What the task requires:
Could you please retype all of the records exactly, skipping any pictures?

Material for the task:
BEGIN

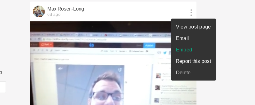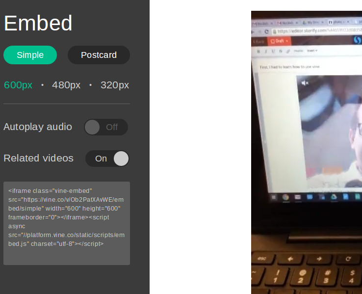 3. Go to the first vine video you want, and click on the three dots on the upper right corner. Then click "embed".
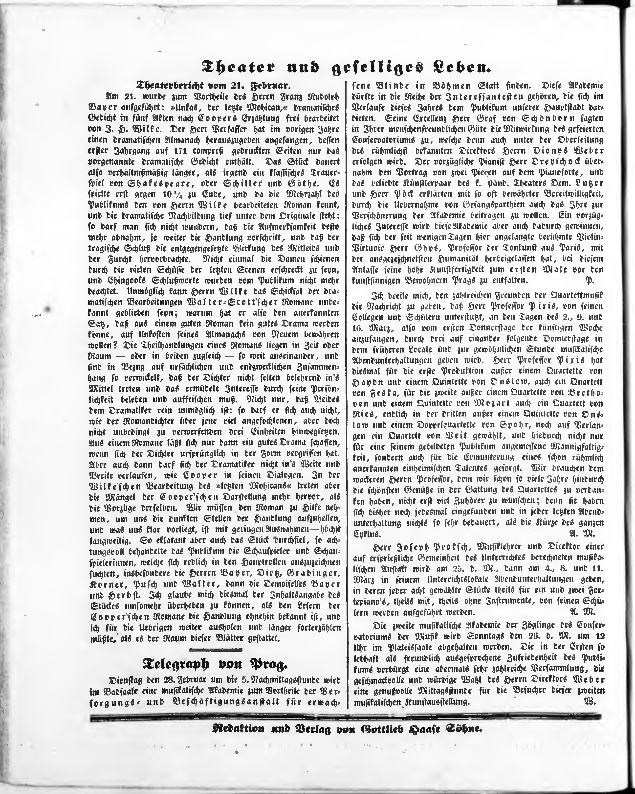 Bohemia, ein Unterhaltungsblatt
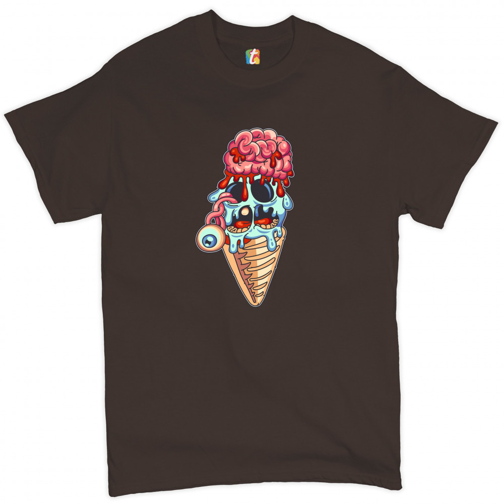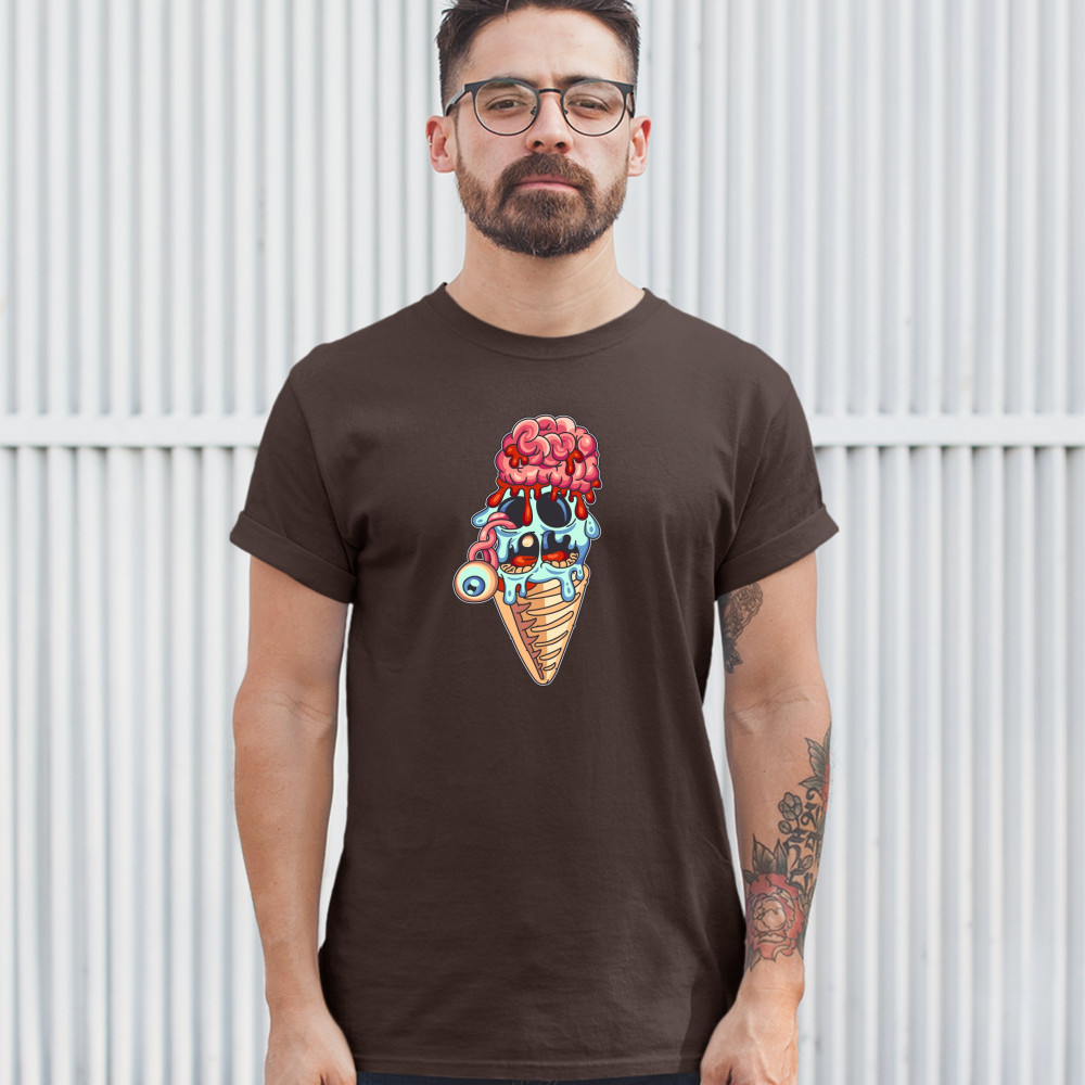 A print featuring an undead ice cream. The ice cream ball looks like a head of a zombie with an eye popping out and hanging and bloodied brains attached on top. A great choice for a person who is into horror movies, haunted houses and freaking people out!
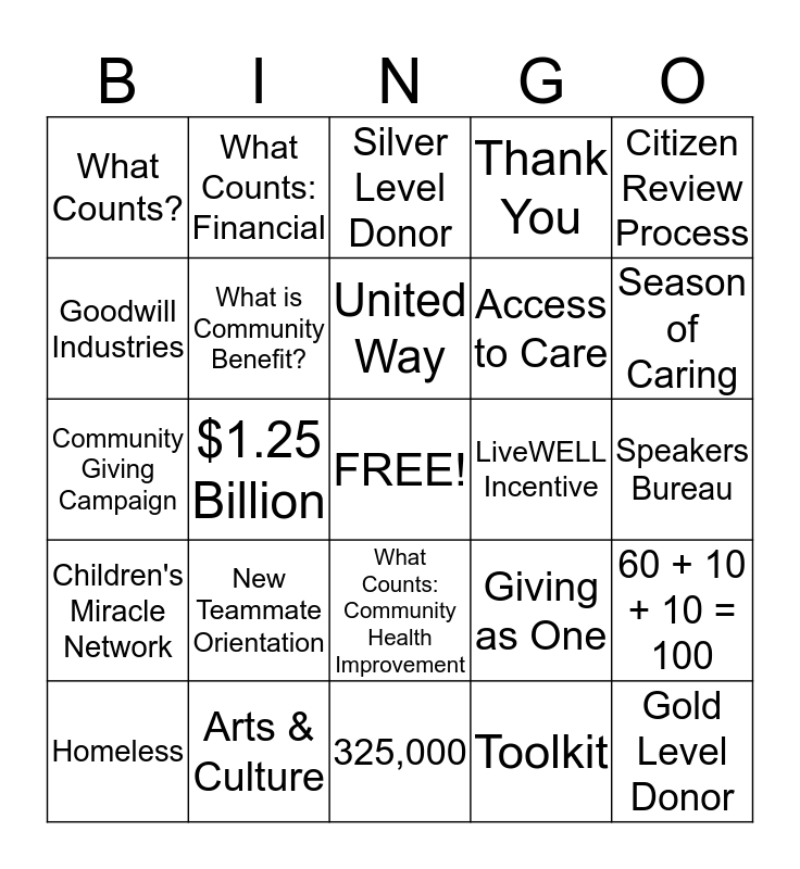 This bingo card has a free space and 35 words: Top Four Health Priorities, E-Pledge, CBISA, What is Community Benefit?, What Counts: Community Health Improvement, Thank You, Goodwill Industries, Housing and Stability, United Way, Record Service Hours, Community Giving Campaign, Citizen Review Process, Community Service Goal, Poverty, What Counts?, LiveWELL Incentive, Toolkit, $1.25 Billion, Children's Miracle Network, Gold Level Donor, Giving as One, Homeless, 60 + 10 + 10 = 100, Arts & Culture, Silver Level Donor, Season of Caring, What Counts: Community Building, Community Health Needs Assessment, Access to Care, Speakers Bureau, Children and Youth, 325,000, New Teammate Orientation, What Counts: Financial and Community Benefit Council.
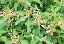 猩猩草:常绿或半常绿灌木,盆栽时株高0.5米-2米,在亚热带地区可长到6米以上。茎直立而光滑,单叶互生,卵状椭圆形至阔披针形,具不规则的深缺刻。长10-15厘米。花小,有蜜腺,排列成密集的伞房花序。…全部>>
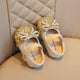 These children's shoes combine elegance and fashion, crafted from high-quality materials. The upper is adorned with sparkling crystal decorations and a soft pink bow, offering a dreamy princess-like feel. The strap is also embellished with glittering details, providing both aesthetics and functionality to keep the shoe securely in place. The crystal embellishments on the toe add a brilliant visual appeal, highlighting the shoe's unique style, perfect for various occasions.
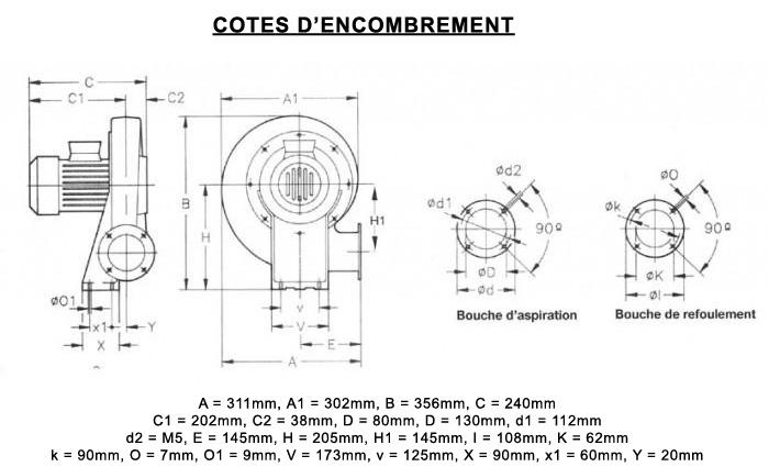• Dimensions d'entrée d'air : 80 mm

END

Written solution:
 3. Go to the first vine video you want, and click on the three dots on the upper right corner. Then click "embed".
 Bohemia, ein Unterhaltungsblatt
 A print featuring an undead ice cream. The ice cream ball looks like a head of a zombie with an eye popping out and hanging and bloodied brains attached on top. A great choice for a person who is into horror movies, haunted houses and freaking people out!
 This bingo card has a free space and 35 words: Top Four Health Priorities, E-Pledge, CBISA, What is Community Benefit?, What Counts: Community Health Improvement, Thank You, Goodwill Industries, Housing and Stability, United Way, Record Service Hours, Community Giving Campaign, Citizen Review Process, Community Service Goal, Poverty, What Counts?, LiveWELL Incentive, Toolkit, $1.25 Billion, Children's Miracle Network, Gold Level Donor, Giving as One, Homeless, 60 + 10 + 10 = 100, Arts & Culture, Silver Level Donor, Season of Caring, What Counts: Community Building, Community Health Needs Assessment, Access to Care, Speakers Bureau, Children and Youth, 325,000, New Teammate Orientation, What Counts: Financial and Community Benefit Council.
 猩猩草:常绿或半常绿灌木,盆栽时株高0.5米-2米,在亚热带地区可长到6米以上。茎直立而光滑,单叶互生,卵状椭圆形至阔披针形,具不规则的深缺刻。长10-15厘米。花小,有蜜腺,排列成密集的伞房花序。…全部>>
 These children's shoes combine elegance and fashion, crafted from high-quality materials. The upper is adorned with sparkling crystal decorations and a soft pink bow, offering a dreamy princess-like feel. The strap is also embellished with glittering details, providing both aesthetics and functionality to keep the shoe securely in place. The crystal embellishments on the toe add a brilliant visual appeal, highlighting the shoe's unique style, perfect for various occasions.
• Dimensions d'entrée d'air : 80 mm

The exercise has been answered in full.